You’re not going to find much support for your pearl clutching over two babies when TENS OF THOUSANDS OF BABIES have been extra-judiciously killed by Israel - often in more horrific circumstances - just in the past two + years. Does that fact also shock you?
Never mind that you’re apparently just making shit up with zero - and I mean literally zero - evidence that “ordinary non-Hamas” Palestinians had anything to do with the fate of those two lives. If you intend to submit Israeli statements to support that argument, just know that you would be trying to enter evidence into the record that is sourced from the same trustworthy chaps who brought us 40 beheaded babies and right about 77 years now of unrelenting, self-serving false statements.
That said, kidnapping is reprehensible across the board and of course it’s awful and sad that those two children were killed. It’s just that there are a lot of dead bodies to sort out in this conflict and the relative impact just doesn’t really align with your disbelief. Sorry.
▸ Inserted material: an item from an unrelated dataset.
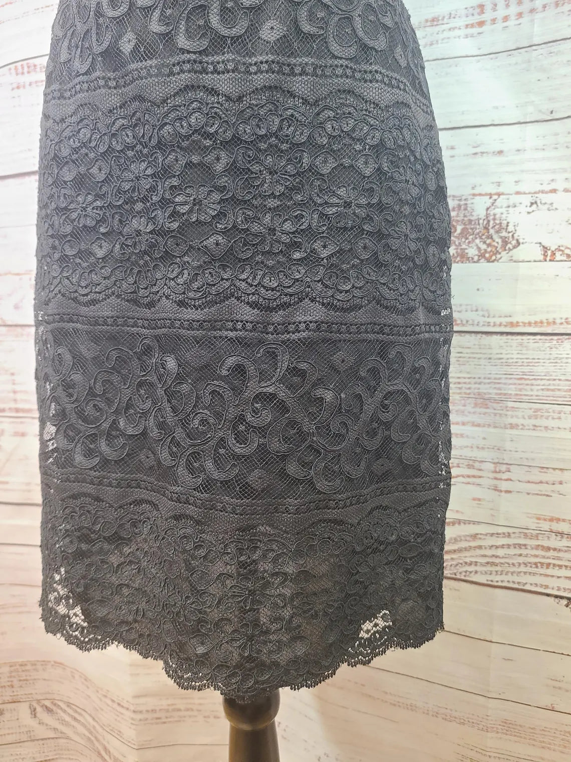 Up top: soft black jersey with a mock neck kissed with just the right amount of rhinestone sparkle (yes, only at the collar—because subtlety wins). Below: a beautifully textured black lace skirt that hits at the knee with a natural-to-drop waist vibe that flatters without fuss.

Anonymous wrote:Anonymous wrote:whatever-
the point here isnt whether this is good speech- the nazis in skokie werent advoicating anything decent either, it was horrific- they marched in skokie b/c they wanted to show nazi insignia and brown shirts to holocaust survivors. they wanted them to feel like teh terror would continue and the first amendment protected that despite the psycholigical impact in the victims. The question at issue is whether the first amendment applies to green card holders. An american citizen can stand on a street corner and shout horrible things all day long, in cities they can shout 24/7, if they arent literally egging a crowd on to lybch somone or throw a grenade right that second, it is protected speech no matter how distasteful or harmful, the 1st amendment protects harmful speech- it stops short of speech that causes immediate physical violence. but is it applicable to non-citizens??
I just don’t believe that, unfortunately. We know exactly what the response of all the people in this thread moaning about this would have been if Khalil had been a woman going to rallies saying “transgender women are men.”
Let’s say that Riley Gaines had been a student athlete recruited from abroad, for instance, and stood up to talk about her experiences racing against Lia Thomas. Exactly zero of the passionate defenders of Khalil here or elsewhere would have said a single thing to defend Gaines-the-immigrant. No, they would have been bending over backwards to defend her arrest and deportation. The Congressional Democrats would certainly not have been putting out tweets saying “Free Gaines.”
I just don’t buy the argument that this is purely a free speech issue, and that Khalil’s supporters are good, patriotic Americans only concerned about free speech, because the minute you substitute in a hypothetical with different speech, the example falls apart.
Anonymous wrote:Anonymous wrote:Anonymous wrote:Who paid for his education at Columbia?
Likely his middle eastern family that owns oil, who else would sponsor him?!
Oh yeah, Palestinians are swimming in oil, there’s just so much of it![]()
Do you not realize that most Palestinians are poor because they live under a brutal military occupation?
Wasn’t this guy born in Syria? Where was he living before moving to NY for grad school? Gaza?
Anonymous wrote:I just can’t get over all the people who would not use the word “kidnapped” to refer to the baby hostages that were later executed by ordinary non-Hamas Palestinians by being strangled to death, but now want me to apparently refer to the arrest of a foreign national that supported the murders of those babies as a “kidnapping.”